Copper industry needs USD 100 million investment to meet global demand
The global copper industry needs to spend more than $100 billion to build mines capable of closing what could be an annual supply shortfall of 4.7 million tonnes by 2030, Erik Heimlich said this week. Head of Base Metals Sourcing at CRU.
Speaking at the CRU 2022 World Copper Conference held in Santiago, Chile, the analyst said the supply shortfall for the next decade is estimated at six million tonnes per year, while as the clean energy and electric vehicle sectors grow.
This means the world would need to build eight projects the size of BHP’s Escondida in Chile, the world’s largest copper mine, over the next eight years. Such a task, Heimlich said, seems questionable – “possible” rather than “probable”, given the larger-scale developments required and the fact that about half of the current projects are new projects.
“Historically, completion rates for these projects have been low. Much of the potential new projects in 2012 remain underdeveloped, so there are questions about the ability to meet the supply shortfall efficiently and quickly,” he said, as reported by the Mining Journal .

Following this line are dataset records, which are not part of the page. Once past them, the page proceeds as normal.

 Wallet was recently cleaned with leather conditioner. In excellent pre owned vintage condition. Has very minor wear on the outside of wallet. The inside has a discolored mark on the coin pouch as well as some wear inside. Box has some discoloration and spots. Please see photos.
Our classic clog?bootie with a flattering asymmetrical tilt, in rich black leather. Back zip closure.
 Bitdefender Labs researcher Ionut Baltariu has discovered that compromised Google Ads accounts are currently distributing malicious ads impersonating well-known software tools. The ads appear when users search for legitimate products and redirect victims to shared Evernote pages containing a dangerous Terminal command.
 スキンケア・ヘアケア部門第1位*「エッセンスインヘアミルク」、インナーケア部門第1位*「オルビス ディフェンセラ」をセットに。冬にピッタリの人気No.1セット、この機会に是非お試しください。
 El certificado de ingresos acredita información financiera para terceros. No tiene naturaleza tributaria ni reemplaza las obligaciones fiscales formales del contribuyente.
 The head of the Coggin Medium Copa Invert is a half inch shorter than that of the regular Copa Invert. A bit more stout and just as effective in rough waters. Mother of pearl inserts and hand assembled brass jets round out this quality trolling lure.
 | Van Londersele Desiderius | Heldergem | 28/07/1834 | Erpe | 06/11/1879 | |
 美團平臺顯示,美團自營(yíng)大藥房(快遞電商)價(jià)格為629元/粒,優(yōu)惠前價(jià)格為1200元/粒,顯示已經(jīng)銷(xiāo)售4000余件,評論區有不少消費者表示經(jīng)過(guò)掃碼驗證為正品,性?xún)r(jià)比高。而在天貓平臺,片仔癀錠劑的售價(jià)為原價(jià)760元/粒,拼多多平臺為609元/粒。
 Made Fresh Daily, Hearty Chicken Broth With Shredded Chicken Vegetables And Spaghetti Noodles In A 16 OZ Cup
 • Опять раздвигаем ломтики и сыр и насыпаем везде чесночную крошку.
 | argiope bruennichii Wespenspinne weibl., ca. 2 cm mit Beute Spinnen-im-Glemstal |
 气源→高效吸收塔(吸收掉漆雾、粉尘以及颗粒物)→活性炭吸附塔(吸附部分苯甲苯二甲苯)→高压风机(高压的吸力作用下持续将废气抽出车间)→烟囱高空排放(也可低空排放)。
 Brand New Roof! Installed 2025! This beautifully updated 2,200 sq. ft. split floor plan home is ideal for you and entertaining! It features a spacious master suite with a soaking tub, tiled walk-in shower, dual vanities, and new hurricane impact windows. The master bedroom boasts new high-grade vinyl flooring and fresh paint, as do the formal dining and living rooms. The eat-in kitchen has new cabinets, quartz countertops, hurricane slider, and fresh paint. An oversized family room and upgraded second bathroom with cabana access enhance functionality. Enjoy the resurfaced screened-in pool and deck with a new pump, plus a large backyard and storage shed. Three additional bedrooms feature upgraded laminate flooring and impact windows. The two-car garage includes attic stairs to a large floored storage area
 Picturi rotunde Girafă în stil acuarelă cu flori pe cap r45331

Some large copper mines have been commissioned in the past three years. First Quatum’s (TSX:FM) Cobre Panama reached commercial production in September 2019. The asset is estimated at 3.1 billion tonnes of proven and probable reserves and at full capacity can produce over 300,000 tonnes of copper per year.
Ivanhoe Mines began copper concentrate production at its Kamoa-Kakula project in the DRC in May last year, reaching commercial production in July.
Anglo American extracted the first ore from its Quellaveco mine, located in the Moquegua region of Peru, in October 2021. The asset is expected to reach commercial production by mid-2022, generating between 120,000 and 160,000 tonnes of copper this year. , and 300,000 tons per year for the first 10 years at full production.
Pipeline of hopes
As copper projects are in the works, producers fear repeating the oversupply mistakes of past cycles by accelerating plans at a time when mines are becoming much harder and more expensive to build.
Metal prices traded around decade highs, although they fell to $10,410 a tonne on Thursday on concerns about demand from China’s top consumer, which is grappling with the worst resurgence of coronavirus cases. covid-19 since the beginning of 2020.
The latest report from Bank of America (BofA) Global Research confirms CRU’s forecast. The bank’s analysts said visibility on the near-term copper project pipeline is good, but increases in activity “will come with a wrinkle.”
“Many of the projects currently being developed have been in the works for almost three decades, and with relatively limited exploration activity in recent years, supply increases could fade from 2025,” the experts said. .
Some of the new supply for the next decade will potentially come from the Reko Diq field in Pakistan, as Barrick Gold reached a deal last week that ended a long-running dispute with the country’s government.
Alcantara Group’s Tampakan project in the Philippines is also expected to help fill the global supply gap, as is Seabridge Gold’s KSM project in British Columbia, Canada.
Rio Tinto is developing a $6.93 billion underground expansion of the giant Oyu Tolgoi copper-gold mine in Mongolia, which has been plagued by delays and cost overruns. The first production has been postponed several times and is now expected in the first half of 2023.
The market is also closely watching what SolGold is doing with its Alpala copper-gold project on the Cascabel property in Ecuador.